The colony also housed a refugee camp for Bengali widows, during the Bangladesh Liberation War, known as Kasturba Ashram. In 1960, Servants of the People Society (founded by Lala Lajpat Rai in 1921 in Lahore) after functioning for many years since Partition of India, shifted from the residence of MP Lala Achint Ram to a new building known as Lajpat Bhawan.

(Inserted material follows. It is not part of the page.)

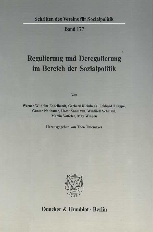 Inhalt Inhalt: G. Neubauer, Regulierung und Deregulierung im Gesundheitswesen der Bundesrepublik Deutschland - H. Sanmann, Regulierung und Deregulierung im Rahmen der Arbeitsmarktpolitik für Schwerbehinderte - W. Schmähl, Übergang zu Staatsbürger-Grundrenten -...

The number of Afghan Indians, as well as Afghan students, workers and refugees, living there has resulted in the nickname of the locality, Afghan Nagar. The suburb has two Afghan "bakeries and three restaurants, and many guesthouses and apartments housing Afghan students, guests, medical refugees and asylum seekers." As such, Apollo Hospital in Delhi "has translators on staff, a website in Dari, and even a separate payment desk for Afghans." Most of the Afghanis in Lajpat Nagar speak Pashto or Dari. GK Vij, a resident of Lajpat Nagar, "whose father migrated after Partition and has spent his whole life in the area," states that though people "enjoy the big 'naan bread' which Afghans prepare, the rising number of Afghan restaurants has overshadowed the indigenous Punjabi cuisine to some extent."

==Accessibility==
Lajpat Nagar is well connected by Delhi Transport Corporation bus services and the Delhi Mass Rapid Transit System. Route number 543 connects Anand Vihar in East Delhi to Lajpat Nagar, and Teevr Mudrika connects Lajpat Nagar to Rohini in North Delhi and Punjabi Bagh in West Delhi. The Lajpat Nagar Station of the Delhi Metro has elevated platforms lying on Delhi Metro's Violet Line and underground platforms on Delhi Metro's Pink Line. The station was opened to the public in 2010 along with the first section of the Violet Line. An underpass connection was opened in 2014 below the Defence Colony-Lajpat Nagar flyover between Lajpat Nagar and Jangpura for easy access to areas like Jangpura Extension, Bhogal, and Nizamuddin. The area is also connected to the Delhi Suburban Railway with the Lajpat Nagar railway station

The nearest metro station to Lajpat Nagar Central Market is Lajpat Nagar. When exiting from Gate no. 5, it is located at a distance of around 1 km (10 minutes walk).

The average daily footfall in the Lajpat Nagar market is around 10,000 people. The crowd can get a little bigger on weekends.

==Popular culture==
Lajpat Nagar is home to a large Punjabi community that is featured in multiple movies.
- In the film Do Dooni Chaar (2010), directed by Habib Faisal, the Duggal family house is located in Vinoba Puri, Lajpat Nagar.
- Portions of the film Oye Lucky! Lucky Oye! (2008), directed by Dibakar Banerjee, were filmed in Lajpat Nagar.
- In the film Cocktail (2012 film), the character Kavita Kapoor, played by Dimple Kapadia, is from Lajpat Nagar.
- Vicky Donor (2012 film), directed by Shoojit Sircar, was based out of Lajpat Nagar.
- In Buniyaad, a television series based on Partition of India. The lead gets house in claim in Lajpat Nagar.